Aim of the exercise -
Below is a listing; print exactly its lines from the one containing "今回の寄贈は、磯子RC設立6" down to the one containing "छिंदवाड़ा:तेज रफ्तार कार", both inclusive, with every picture left out.

Available data -
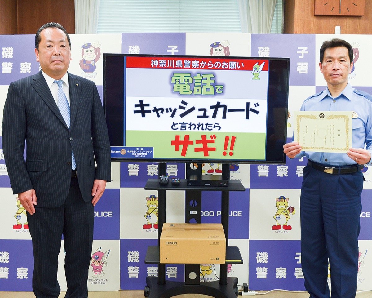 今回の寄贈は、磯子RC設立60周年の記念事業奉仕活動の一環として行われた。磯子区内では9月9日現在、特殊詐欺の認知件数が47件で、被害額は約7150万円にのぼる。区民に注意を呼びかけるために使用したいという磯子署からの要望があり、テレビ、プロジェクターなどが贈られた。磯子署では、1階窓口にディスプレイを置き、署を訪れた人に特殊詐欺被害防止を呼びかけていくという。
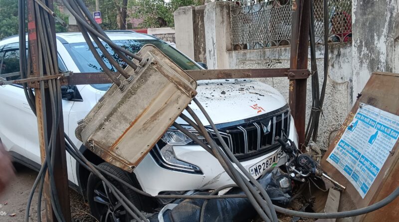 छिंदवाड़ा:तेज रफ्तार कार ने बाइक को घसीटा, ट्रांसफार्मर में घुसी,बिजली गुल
...
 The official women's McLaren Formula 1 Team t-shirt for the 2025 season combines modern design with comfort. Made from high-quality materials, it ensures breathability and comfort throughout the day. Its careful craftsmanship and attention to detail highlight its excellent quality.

Solution for this exercise -
 今回の寄贈は、磯子RC設立60周年の記念事業奉仕活動の一環として行われた。磯子区内では9月9日現在、特殊詐欺の認知件数が47件で、被害額は約7150万円にのぼる。区民に注意を呼びかけるために使用したいという磯子署からの要望があり、テレビ、プロジェクターなどが贈られた。磯子署では、1階窓口にディスプレイを置き、署を訪れた人に特殊詐欺被害防止を呼びかけていくという。
 छिंदवाड़ा:तेज रफ्तार कार ने बाइक को घसीटा, ट्रांसफार्मर में घुसी,बिजली गुल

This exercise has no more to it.